At Tulsa, Biden Ramps Up Racial Animosity

At Tulsa, Biden Ramps Up Racial Animosity
President Joe Biden speaks at a rally during commemorations of the 100th anniversary of the Tulsa Race Massacre in Tulsa, Oklahoma, on June 1, 2021. (Brandon Bell/Getty Images)
James Bowman
6/4/2021
Updated:
6/4/2021
Commentary

In Tulsa on June 1, President Joe Biden said this: “According to the intelligence community, terrorism from white supremacy is the most lethal threat to the homeland today. Not ISIS, not al-Qaeda: white supremacists. That’s not me. That’s the intelligence community under both Trump and under my administration.”

If I were the media, I would call that a Big Lie.

Not only is it quite obviously false, to the point of absurdity, to say that white supremacists are “the most lethal threat to the homeland today,” it’s also false that “the intelligence community” has said any such thing.

Biden also claimed that he had said this before, in his address to a joint session of Congress on April 28, but that wasn’t true either.

Back in April he had been more careful, citing the supposed white supremacist threat in the context of the withdrawal of U.S. troops from Afghanistan. “The threat has evolved way beyond Afghanistan,” he told the congressional lawmakers. “Those of you in the intelligence committees, the foreign relation[s] community, defense communities, you know well.
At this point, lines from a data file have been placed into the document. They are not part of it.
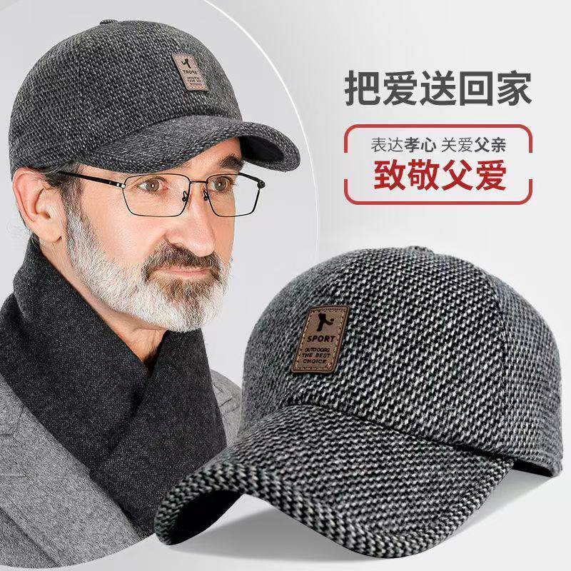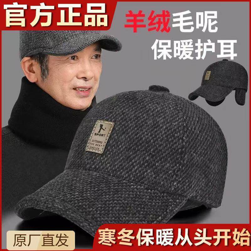 秋冬季加厚保暖中老年人帽子鸭舌帽老人帽爸爸帽男护耳毛呢棒球帽
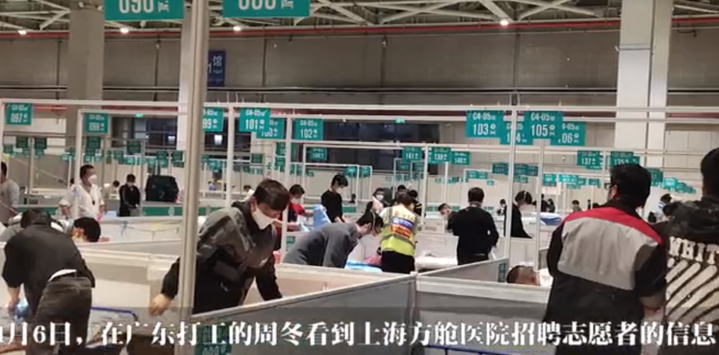 在经过几天的培训工作后,在4月12日,周冬和其他一千多名志愿者来到了上海方舱医院开始工作。
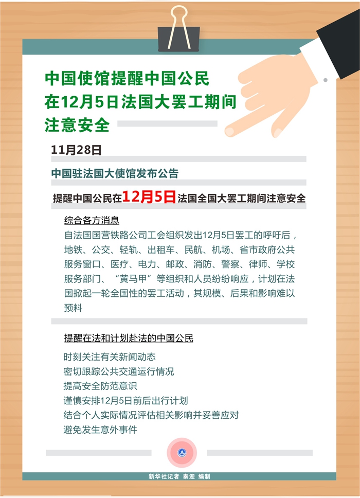 新華社巴黎11月28日電(記者劉金輝)中國駐法國大使館28日發布公告,提醒中國公民在12月5日法國全國大罷工期間注意安全。
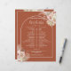 Vackra terrakotta boho blomsterliga pampasgräs vattenfarger och chic valv ramar in era speciella bröllopsschema-tidslinjens detaljer skrivna i stilfull typografi med era monogram-initialer på baksidan. Designad av Thisisnotme©
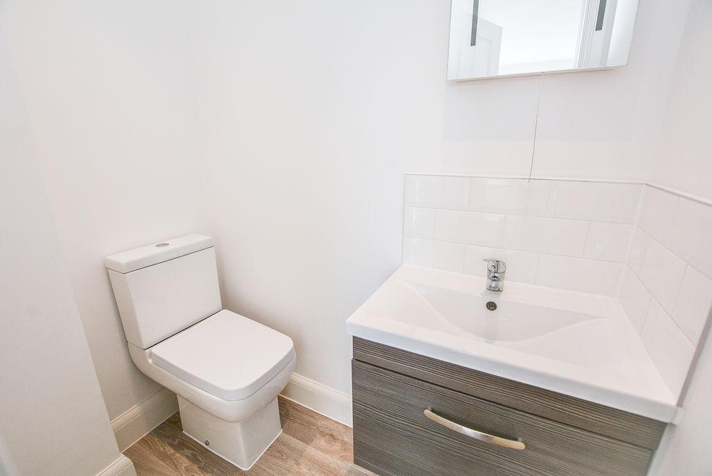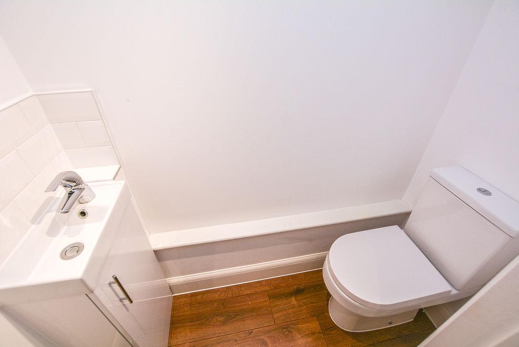 Accessed via the entrance hallway, there is a built in under the stairs W/C. With a fantastically modern finish, this space boasts a low level W/C and wall mounted sink with vanity unit and partial splashback tiling. This space is finished with wood effect flooring.

We have to remain vigilant against the threats to the United States wherever they come from. Al-Qaeda and ISIS are in Yemen, Syria, Somalia, other places in Africa, in the Middle East and beyond.”

And then he added, as if it were an afterthought, “And we won’t ignore what our intelligence agency has determined to be the most lethal terrorist threat to the homeland today: white supremacy’s terrorism.”

See the difference? “The most lethal threat” vs. “the most lethal terrorist threat.”

But the latter isn’t true either, at least not judging by the number of terrorist incidents we can positively identify as such.

The problem is that “terrorism,” like beauty, is often in the eye of the beholder.

Remember when the Defense Department of the Obama-Biden administration described the massacre at Ft Hood, Texas, in 2009, by the Muslim Army psychiatrist Nidal Hasan in which 13 people were murdered and more than 30 wounded as “workplace violence”?

Hasan had shouted “Allahu Akbar!” before he began shooting and was later found to have been in correspondence with Anwar al-Awlaki, identified by “the intelligence community” as a leader of al-Qaeda in Iraq.

President Obama himself must have agreed with this assessment by the time he had Awlaki assassinated by drone in 2011, but the official identification of the massacre as “workplace violence” remained in effect.

On the other hand, the killings of six Asian women in Atlanta in March by Robert Aaron Long, though they were not officially classified as white supremacist terrorism, and though the shooter himself claimed that his motivations were sexual and religious rather than racial, were spoken of by President Biden at the time as typifying “anti-Asian hate crimes.”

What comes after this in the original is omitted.